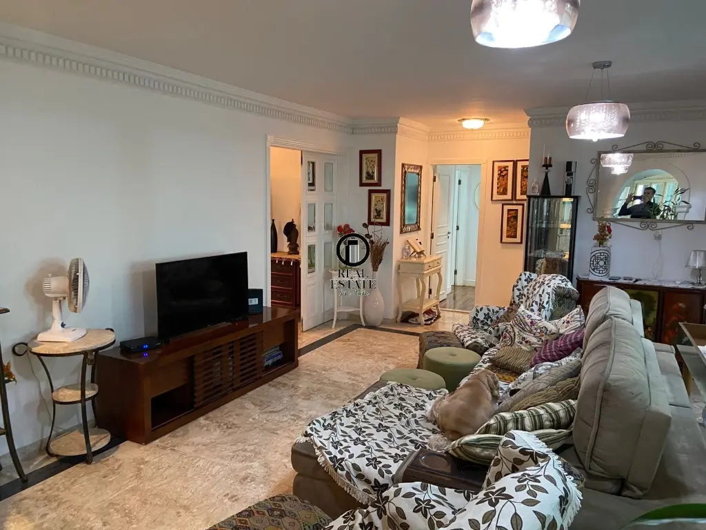 O apartamento possui três amplas suítes, todas com ar-condicionado e acabamento refinado. A suíte máster conta com excelente iluminação natural, espaço generoso para closet e banheiro revestido em mármore, oferecendo uma atmosfera de puro relaxamento.A área social é um dos grandes destaques: sala de estar espaçosa com piso em mármore, janelas amplas e integração com a sala de jantar, criando um ambiente elegante e acolhedor para receber amigos e familiares. O escritório privativo é ideal para quem trabalha em casa, oferecendo praticidade e conforto.A cozinha é ampla, com armários planejados e bancada funcional, conectada a uma dispensa e lavanderia independente. Há ainda quarto e banheiro para funcionários, garantindo total comodidade.O imóvel conta com 4 vagas de garagem fixas e amplas, além de depósito privativo na garagem.Condomínio:.R$5.000,00 p/mêsIPTU:.R$3.500,00
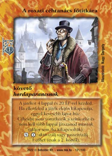 Kiadás: Roxat céhei Gyakoriság: nem gyakori Lapszín (isten): Színtelen Típus: követő Altípus: hordaparancsnok Szöveg: A játékot 4 lappal és 20 ÉP-vel kezded. Ha ellenfeled a játék elején kikapcsolja, eggyel kevesebb lapot húz. Céheidre nem vonatkozik a színkorlát és nem kell több lappal játszanod miattuk (akkor sem, ha kikapcsolták). (S), 1_VP: aktivizálj vagy passzivizálj 1 céhet (csak a 2. körtől). Illusztráció: Nagy Gergely
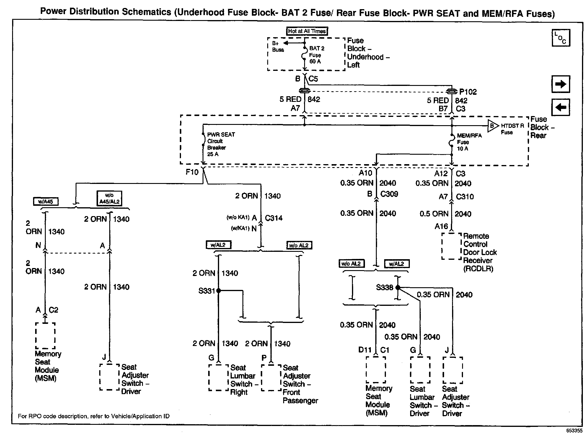 Power Distribution Schematics: Underhood Fuse Block- BAT 2 Fuse/Rear Fuse Block- PWR SEAT And MEM/RFA Fuses:
▬▬▬▬▬▬▬▬▬▬
* [What you are asked to do]: Every line in the data above needs to be given again exactly, pictures aside.

* [Result]:
 O apartamento possui três amplas suítes, todas com ar-condicionado e acabamento refinado. A suíte máster conta com excelente iluminação natural, espaço generoso para closet e banheiro revestido em mármore, oferecendo uma atmosfera de puro relaxamento.A área social é um dos grandes destaques: sala de estar espaçosa com piso em mármore, janelas amplas e integração com a sala de jantar, criando um ambiente elegante e acolhedor para receber amigos e familiares. O escritório privativo é ideal para quem trabalha em casa, oferecendo praticidade e conforto.A cozinha é ampla, com armários planejados e bancada funcional, conectada a uma dispensa e lavanderia independente. Há ainda quarto e banheiro para funcionários, garantindo total comodidade.O imóvel conta com 4 vagas de garagem fixas e amplas, além de depósito privativo na garagem.Condomínio:.R$5.000,00 p/mêsIPTU:.R$3.500,00
 Kiadás: Roxat céhei Gyakoriság: nem gyakori Lapszín (isten): Színtelen Típus: követő Altípus: hordaparancsnok Szöveg: A játékot 4 lappal és 20 ÉP-vel kezded. Ha ellenfeled a játék elején kikapcsolja, eggyel kevesebb lapot húz. Céheidre nem vonatkozik a színkorlát és nem kell több lappal játszanod miattuk (akkor sem, ha kikapcsolták). (S), 1_VP: aktivizálj vagy passzivizálj 1 céhet (csak a 2. körtől). Illusztráció: Nagy Gergely
 Power Distribution Schematics: Underhood Fuse Block- BAT 2 Fuse/Rear Fuse Block- PWR SEAT And MEM/RFA Fuses:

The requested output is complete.